The task calls for every line of the data to be retyped exactly.

┌─ Records for processing

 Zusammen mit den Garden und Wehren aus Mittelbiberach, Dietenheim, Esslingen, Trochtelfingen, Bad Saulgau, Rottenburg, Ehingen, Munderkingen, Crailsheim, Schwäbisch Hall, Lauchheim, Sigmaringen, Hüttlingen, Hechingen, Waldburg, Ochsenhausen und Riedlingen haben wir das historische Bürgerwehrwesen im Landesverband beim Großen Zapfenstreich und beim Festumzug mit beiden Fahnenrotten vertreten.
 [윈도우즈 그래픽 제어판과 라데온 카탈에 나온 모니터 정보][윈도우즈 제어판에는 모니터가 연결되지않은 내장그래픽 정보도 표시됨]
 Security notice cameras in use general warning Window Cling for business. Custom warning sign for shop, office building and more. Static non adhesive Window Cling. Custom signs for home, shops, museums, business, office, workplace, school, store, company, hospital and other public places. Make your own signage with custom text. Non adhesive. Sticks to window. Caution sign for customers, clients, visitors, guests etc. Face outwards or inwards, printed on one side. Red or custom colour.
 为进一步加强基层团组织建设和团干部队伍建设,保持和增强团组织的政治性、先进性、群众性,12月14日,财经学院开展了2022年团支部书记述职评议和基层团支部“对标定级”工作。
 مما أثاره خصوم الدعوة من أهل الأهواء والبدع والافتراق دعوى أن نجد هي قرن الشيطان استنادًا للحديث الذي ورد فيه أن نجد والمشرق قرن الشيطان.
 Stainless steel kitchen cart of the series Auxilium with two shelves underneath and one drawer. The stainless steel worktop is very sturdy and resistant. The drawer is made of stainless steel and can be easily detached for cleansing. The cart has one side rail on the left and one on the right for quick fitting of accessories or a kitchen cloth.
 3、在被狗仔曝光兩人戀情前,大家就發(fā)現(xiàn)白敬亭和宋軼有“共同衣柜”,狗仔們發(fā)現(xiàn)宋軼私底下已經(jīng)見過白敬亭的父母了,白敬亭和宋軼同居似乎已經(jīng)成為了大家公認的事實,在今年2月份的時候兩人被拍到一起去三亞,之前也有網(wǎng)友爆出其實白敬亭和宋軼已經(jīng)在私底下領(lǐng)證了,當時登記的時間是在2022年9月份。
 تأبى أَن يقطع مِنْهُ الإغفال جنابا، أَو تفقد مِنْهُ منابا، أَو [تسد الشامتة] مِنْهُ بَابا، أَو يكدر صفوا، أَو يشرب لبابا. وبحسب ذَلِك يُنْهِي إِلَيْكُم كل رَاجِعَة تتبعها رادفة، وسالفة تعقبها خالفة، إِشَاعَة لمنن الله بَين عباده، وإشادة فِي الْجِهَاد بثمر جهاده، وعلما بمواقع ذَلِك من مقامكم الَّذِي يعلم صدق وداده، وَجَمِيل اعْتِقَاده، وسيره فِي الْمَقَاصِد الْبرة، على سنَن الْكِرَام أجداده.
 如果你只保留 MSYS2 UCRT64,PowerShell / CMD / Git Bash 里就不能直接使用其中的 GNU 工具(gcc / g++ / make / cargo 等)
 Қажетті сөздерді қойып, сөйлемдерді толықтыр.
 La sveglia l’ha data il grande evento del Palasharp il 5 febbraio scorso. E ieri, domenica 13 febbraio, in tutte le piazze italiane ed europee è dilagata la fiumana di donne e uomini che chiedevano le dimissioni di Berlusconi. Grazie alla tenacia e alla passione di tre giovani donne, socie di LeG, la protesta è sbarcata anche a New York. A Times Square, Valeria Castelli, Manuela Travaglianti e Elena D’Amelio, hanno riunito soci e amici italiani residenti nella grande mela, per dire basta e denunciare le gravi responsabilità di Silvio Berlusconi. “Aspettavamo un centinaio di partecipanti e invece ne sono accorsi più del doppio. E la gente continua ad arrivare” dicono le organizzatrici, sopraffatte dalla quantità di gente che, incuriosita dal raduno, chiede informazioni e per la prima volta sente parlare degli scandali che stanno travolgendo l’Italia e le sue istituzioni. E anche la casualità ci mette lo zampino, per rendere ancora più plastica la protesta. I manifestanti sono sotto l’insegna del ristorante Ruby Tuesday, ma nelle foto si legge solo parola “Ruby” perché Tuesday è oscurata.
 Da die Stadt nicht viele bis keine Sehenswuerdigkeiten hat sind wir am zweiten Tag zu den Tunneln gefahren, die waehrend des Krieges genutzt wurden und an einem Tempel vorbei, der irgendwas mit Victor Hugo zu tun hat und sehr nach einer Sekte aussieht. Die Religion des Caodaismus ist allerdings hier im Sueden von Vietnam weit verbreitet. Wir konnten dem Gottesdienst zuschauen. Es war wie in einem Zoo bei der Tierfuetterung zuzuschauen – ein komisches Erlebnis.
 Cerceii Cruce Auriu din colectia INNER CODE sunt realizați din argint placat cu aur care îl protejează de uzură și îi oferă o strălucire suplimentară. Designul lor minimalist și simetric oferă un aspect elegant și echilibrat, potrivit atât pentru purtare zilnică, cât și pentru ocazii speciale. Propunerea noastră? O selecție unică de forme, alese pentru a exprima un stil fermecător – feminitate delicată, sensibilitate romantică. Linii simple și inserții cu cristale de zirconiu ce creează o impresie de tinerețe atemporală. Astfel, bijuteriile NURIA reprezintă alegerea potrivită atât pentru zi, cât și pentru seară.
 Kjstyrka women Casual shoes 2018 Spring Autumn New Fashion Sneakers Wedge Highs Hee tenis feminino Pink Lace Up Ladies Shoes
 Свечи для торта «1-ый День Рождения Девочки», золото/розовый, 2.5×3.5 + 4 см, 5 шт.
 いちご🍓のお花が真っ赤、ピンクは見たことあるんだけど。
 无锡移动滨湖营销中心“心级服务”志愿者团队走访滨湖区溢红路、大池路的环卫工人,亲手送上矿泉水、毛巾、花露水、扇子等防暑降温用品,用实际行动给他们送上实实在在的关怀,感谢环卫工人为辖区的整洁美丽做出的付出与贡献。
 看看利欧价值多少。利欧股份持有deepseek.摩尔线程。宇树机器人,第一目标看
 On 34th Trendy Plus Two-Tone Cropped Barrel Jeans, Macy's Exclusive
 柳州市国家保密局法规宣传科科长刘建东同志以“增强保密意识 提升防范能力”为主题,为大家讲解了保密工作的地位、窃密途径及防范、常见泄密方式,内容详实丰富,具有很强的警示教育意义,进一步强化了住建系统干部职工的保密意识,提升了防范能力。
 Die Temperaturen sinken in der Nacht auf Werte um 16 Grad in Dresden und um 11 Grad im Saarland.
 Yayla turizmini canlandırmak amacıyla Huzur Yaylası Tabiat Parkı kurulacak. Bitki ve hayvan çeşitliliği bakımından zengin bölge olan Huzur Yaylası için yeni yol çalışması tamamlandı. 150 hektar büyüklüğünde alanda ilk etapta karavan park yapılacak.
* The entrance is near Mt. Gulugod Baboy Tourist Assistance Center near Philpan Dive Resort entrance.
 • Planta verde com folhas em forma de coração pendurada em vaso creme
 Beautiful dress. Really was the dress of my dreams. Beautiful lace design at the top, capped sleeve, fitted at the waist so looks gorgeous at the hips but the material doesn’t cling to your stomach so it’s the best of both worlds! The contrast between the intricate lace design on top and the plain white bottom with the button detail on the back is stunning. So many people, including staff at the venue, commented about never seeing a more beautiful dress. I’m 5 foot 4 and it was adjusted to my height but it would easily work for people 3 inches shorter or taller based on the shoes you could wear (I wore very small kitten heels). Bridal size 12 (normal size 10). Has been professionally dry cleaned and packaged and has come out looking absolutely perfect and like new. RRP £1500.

└─

* [Result for this exercise]
 Zusammen mit den Garden und Wehren aus Mittelbiberach, Dietenheim, Esslingen, Trochtelfingen, Bad Saulgau, Rottenburg, Ehingen, Munderkingen, Crailsheim, Schwäbisch Hall, Lauchheim, Sigmaringen, Hüttlingen, Hechingen, Waldburg, Ochsenhausen und Riedlingen haben wir das historische Bürgerwehrwesen im Landesverband beim Großen Zapfenstreich und beim Festumzug mit beiden Fahnenrotten vertreten.
 [윈도우즈 그래픽 제어판과 라데온 카탈에 나온 모니터 정보][윈도우즈 제어판에는 모니터가 연결되지않은 내장그래픽 정보도 표시됨]
 Security notice cameras in use general warning Window Cling for business. Custom warning sign for shop, office building and more. Static non adhesive Window Cling. Custom signs for home, shops, museums, business, office, workplace, school, store, company, hospital and other public places. Make your own signage with custom text. Non adhesive. Sticks to window. Caution sign for customers, clients, visitors, guests etc. Face outwards or inwards, printed on one side. Red or custom colour.
 为进一步加强基层团组织建设和团干部队伍建设,保持和增强团组织的政治性、先进性、群众性,12月14日,财经学院开展了2022年团支部书记述职评议和基层团支部“对标定级”工作。
 مما أثاره خصوم الدعوة من أهل الأهواء والبدع والافتراق دعوى أن نجد هي قرن الشيطان استنادًا للحديث الذي ورد فيه أن نجد والمشرق قرن الشيطان.
 Stainless steel kitchen cart of the series Auxilium with two shelves underneath and one drawer. The stainless steel worktop is very sturdy and resistant. The drawer is made of stainless steel and can be easily detached for cleansing. The cart has one side rail on the left and one on the right for quick fitting of accessories or a kitchen cloth.
 3、在被狗仔曝光兩人戀情前,大家就發(fā)現(xiàn)白敬亭和宋軼有“共同衣柜”,狗仔們發(fā)現(xiàn)宋軼私底下已經(jīng)見過白敬亭的父母了,白敬亭和宋軼同居似乎已經(jīng)成為了大家公認的事實,在今年2月份的時候兩人被拍到一起去三亞,之前也有網(wǎng)友爆出其實白敬亭和宋軼已經(jīng)在私底下領(lǐng)證了,當時登記的時間是在2022年9月份。
 تأبى أَن يقطع مِنْهُ الإغفال جنابا، أَو تفقد مِنْهُ منابا، أَو [تسد الشامتة] مِنْهُ بَابا، أَو يكدر صفوا، أَو يشرب لبابا. وبحسب ذَلِك يُنْهِي إِلَيْكُم كل رَاجِعَة تتبعها رادفة، وسالفة تعقبها خالفة، إِشَاعَة لمنن الله بَين عباده، وإشادة فِي الْجِهَاد بثمر جهاده، وعلما بمواقع ذَلِك من مقامكم الَّذِي يعلم صدق وداده، وَجَمِيل اعْتِقَاده، وسيره فِي الْمَقَاصِد الْبرة، على سنَن الْكِرَام أجداده.
 如果你只保留 MSYS2 UCRT64,PowerShell / CMD / Git Bash 里就不能直接使用其中的 GNU 工具(gcc / g++ / make / cargo 等)
 Қажетті сөздерді қойып, сөйлемдерді толықтыр.
 La sveglia l’ha data il grande evento del Palasharp il 5 febbraio scorso. E ieri, domenica 13 febbraio, in tutte le piazze italiane ed europee è dilagata la fiumana di donne e uomini che chiedevano le dimissioni di Berlusconi. Grazie alla tenacia e alla passione di tre giovani donne, socie di LeG, la protesta è sbarcata anche a New York. A Times Square, Valeria Castelli, Manuela Travaglianti e Elena D’Amelio, hanno riunito soci e amici italiani residenti nella grande mela, per dire basta e denunciare le gravi responsabilità di Silvio Berlusconi. “Aspettavamo un centinaio di partecipanti e invece ne sono accorsi più del doppio. E la gente continua ad arrivare” dicono le organizzatrici, sopraffatte dalla quantità di gente che, incuriosita dal raduno, chiede informazioni e per la prima volta sente parlare degli scandali che stanno travolgendo l’Italia e le sue istituzioni. E anche la casualità ci mette lo zampino, per rendere ancora più plastica la protesta. I manifestanti sono sotto l’insegna del ristorante Ruby Tuesday, ma nelle foto si legge solo parola “Ruby” perché Tuesday è oscurata.
 Da die Stadt nicht viele bis keine Sehenswuerdigkeiten hat sind wir am zweiten Tag zu den Tunneln gefahren, die waehrend des Krieges genutzt wurden und an einem Tempel vorbei, der irgendwas mit Victor Hugo zu tun hat und sehr nach einer Sekte aussieht. Die Religion des Caodaismus ist allerdings hier im Sueden von Vietnam weit verbreitet. Wir konnten dem Gottesdienst zuschauen. Es war wie in einem Zoo bei der Tierfuetterung zuzuschauen – ein komisches Erlebnis.
 Cerceii Cruce Auriu din colectia INNER CODE sunt realizați din argint placat cu aur care îl protejează de uzură și îi oferă o strălucire suplimentară. Designul lor minimalist și simetric oferă un aspect elegant și echilibrat, potrivit atât pentru purtare zilnică, cât și pentru ocazii speciale. Propunerea noastră? O selecție unică de forme, alese pentru a exprima un stil fermecător – feminitate delicată, sensibilitate romantică. Linii simple și inserții cu cristale de zirconiu ce creează o impresie de tinerețe atemporală. Astfel, bijuteriile NURIA reprezintă alegerea potrivită atât pentru zi, cât și pentru seară.
 Kjstyrka women Casual shoes 2018 Spring Autumn New Fashion Sneakers Wedge Highs Hee tenis feminino Pink Lace Up Ladies Shoes
 Свечи для торта «1-ый День Рождения Девочки», золото/розовый, 2.5×3.5 + 4 см, 5 шт.
 いちご🍓のお花が真っ赤、ピンクは見たことあるんだけど。
 无锡移动滨湖营销中心“心级服务”志愿者团队走访滨湖区溢红路、大池路的环卫工人,亲手送上矿泉水、毛巾、花露水、扇子等防暑降温用品,用实际行动给他们送上实实在在的关怀,感谢环卫工人为辖区的整洁美丽做出的付出与贡献。
 看看利欧价值多少。利欧股份持有deepseek.摩尔线程。宇树机器人,第一目标看
 On 34th Trendy Plus Two-Tone Cropped Barrel Jeans, Macy's Exclusive
 柳州市国家保密局法规宣传科科长刘建东同志以“增强保密意识 提升防范能力”为主题,为大家讲解了保密工作的地位、窃密途径及防范、常见泄密方式,内容详实丰富,具有很强的警示教育意义,进一步强化了住建系统干部职工的保密意识,提升了防范能力。
 Die Temperaturen sinken in der Nacht auf Werte um 16 Grad in Dresden und um 11 Grad im Saarland.
 Yayla turizmini canlandırmak amacıyla Huzur Yaylası Tabiat Parkı kurulacak. Bitki ve hayvan çeşitliliği bakımından zengin bölge olan Huzur Yaylası için yeni yol çalışması tamamlandı. 150 hektar büyüklüğünde alanda ilk etapta karavan park yapılacak.
* The entrance is near Mt. Gulugod Baboy Tourist Assistance Center near Philpan Dive Resort entrance.
 • Planta verde com folhas em forma de coração pendurada em vaso creme
 Beautiful dress. Really was the dress of my dreams. Beautiful lace design at the top, capped sleeve, fitted at the waist so looks gorgeous at the hips but the material doesn’t cling to your stomach so it’s the best of both worlds! The contrast between the intricate lace design on top and the plain white bottom with the button detail on the back is stunning. So many people, including staff at the venue, commented about never seeing a more beautiful dress. I’m 5 foot 4 and it was adjusted to my height but it would easily work for people 3 inches shorter or taller based on the shoes you could wear (I wore very small kitten heels). Bridal size 12 (normal size 10). Has been professionally dry cleaned and packaged and has come out looking absolutely perfect and like new. RRP £1500.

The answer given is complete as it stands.